Microsoftはこの脆弱性についていまだ公式コメントを発表していないが、セキュリティ研究者はすでに一時的な防護策を提案している。具体的には、機密データディレクトリへのCopilotのアクセス権限を制限すること、ブラウザのパスワード自動入力機能を無効にすること、そして出所不明のリンクのクリックに細心の注意を払うことなどが挙げられる。

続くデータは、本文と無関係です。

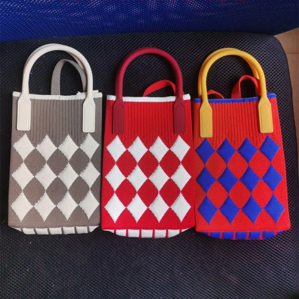 Fashion Geometric Pattern Women's Knitted Handbag Female Woven Shopper Purse Design Chain Shoulder Crossbody Bag

より長期的な視点から見ると、今回の事件はAI業界全体に警鐘を鳴らすものだ。AIアシスタントの「目的整合性(アライメント)」の問題はもはや無視できない。目的整合性とは、AIの行動がユーザーの真の意図と一致していなければならないことを指す。AIが命令の出所がユーザーなのか攻撃者なのかを判別できなければ、セキュリティが重視されるシナリオでの運用はリスクに満ちたものとなる。

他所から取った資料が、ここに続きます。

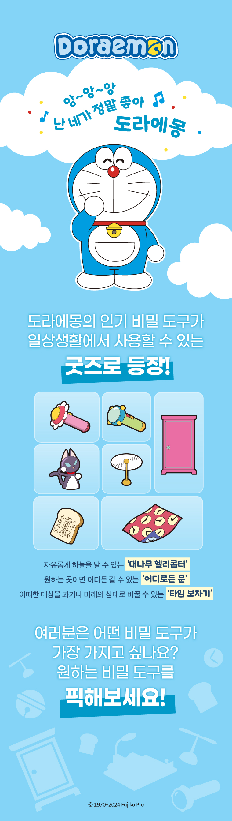 어린시절 추억의 애니메이션 <도라에몽> 비밀 도구를 실생활에서도 접할 수 있으면 얼마나 좋을까? 라는 생각에서 도라에몽 비밀도구 에디션을 선보이게 되었습니다.
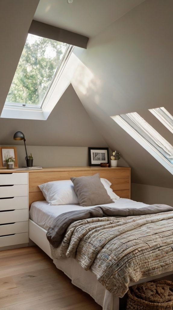 Layout is everything in a small attic bedroom. Get it wrong, and you’re bumping your head every morning. Get it right, and you’ll forget you’re working with limited space.

また、規制面でも早急な対応が求められる。「秘密パラメータ」のようなバックドアが、ユーザーへの十分な周知なしに商業AIプロダクトに組み込まれる可能性があるのかどうか——これらの問いに対しては、企業と規制当局が共同で答えを出さなければならない。自分のAIアシスタントが完全に透明で監査可能であるかどうかを知る権利が、ユーザーにはある。
編集後記:AI時代の「トロイの木馬」に警戒を
古くは「トロイの木馬」、現代は「AIプロンプトインジェクション」。本質的にはどちらも信頼を逆用したものだ——ユーザーはソフトウェアを信頼し、ソフトウェアは入力を信頼する。しかしAI時代には、信頼の連鎖はより長く、よりもろくなっている。今回のCopilot脆弱性はその一端に過ぎず、今後AIアシスタントを標的とした攻撃手法はさらに増えると予想される。ユーザーとして警戒を怠らないことはもちろんだが、テクノロジー企業には強力なAI機能を提供する傍ら、セキュリティ設計を最優先に置くことを望みたい。そうでなければ、AIがもたらす利便性は最終的に、ユーザーのプライバシーを犠牲にする代償で成り立つことになりかねない。